Method: Five SCs, 6 ACs, and 5 administrators (4 of whom were former coaches) at 11 of the 16 AFL clubs were recruited for the research project. First, demographic data were collected for each participant (e.g. age, playing and coaching experience, development and coach development activities). Second, all participants were involved in one semi-structured interview of between 45 and 90 minutes duration. An interpretative (hierarchical content) analysis of the interview data was conducted to identify key emergent themes.

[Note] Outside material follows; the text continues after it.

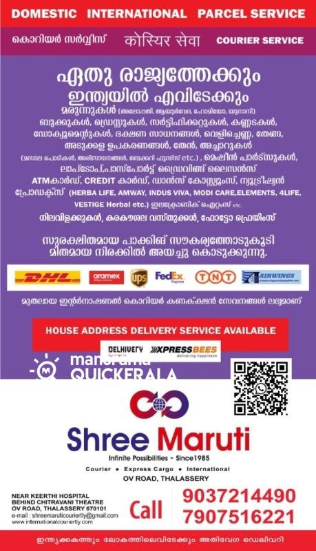 ഇന്ത്യയിൽ എവിടേക്കും, ഏതു രാജ്യത്തെക്കും മരുന്നുകൾ( അലോപ്പതി, ആയുർവേദം , ഹോമിയോ ),ന്യൂട്രിഷ്യൻ പ്രോഡക്ടസ് (HERBALIFE, AMWAY, INDUS VIVA, MODICARE, ELEMENTS, 4LIFE,VESTIGE), ബുക്കുകൾ, ഡ്രെസ്സുകൾ, സർട്ടിഫിക്കറ്റുകൾ, കണ്ണടകൾ, ഡോക്യൂമെന്റുകൾ, ഭക്ഷണ സാധനങ്ങൾ(മസാല പൊടികൾ, അരിസാധനങ്ങൾ, ബേക്കറി ഫുഡ്സ്, വെളിച്ചെണ്ണ, തേങ്ങ,etc) , സുഗന്ധവ്യഞ്ജനങ്ങൾ,മെഷീൻ പാർട്സുകൾ, ലാപ്ടോപ്,പാസ്പോർട്ട്, ഇലക്ട്രോണിക് ഐറ്റംസ് etc പാക്കിങ് സൗകര്യത്തോട് കൂടി മിതമായ നിരക്കിൽ അയച്ചു കൊടുക്കുന്നു.

Results: Learning was central to AFL coaches becoming a SC. Nevertheless, coaches reported a sense of isolation and a lack of support in developing their craft within their particular learning culture. These coaches developed a unique dynamic social network (DSN) that involved episodic contact with a number of respected confidantes often from diverse fields (used here in the Bourdieuian sense) in developing their coaching craft. Although there were some opportunities in their workplace, much of their learning was unmediated by others, underscoring the importance of their agentic engagement in limited workplace affordances.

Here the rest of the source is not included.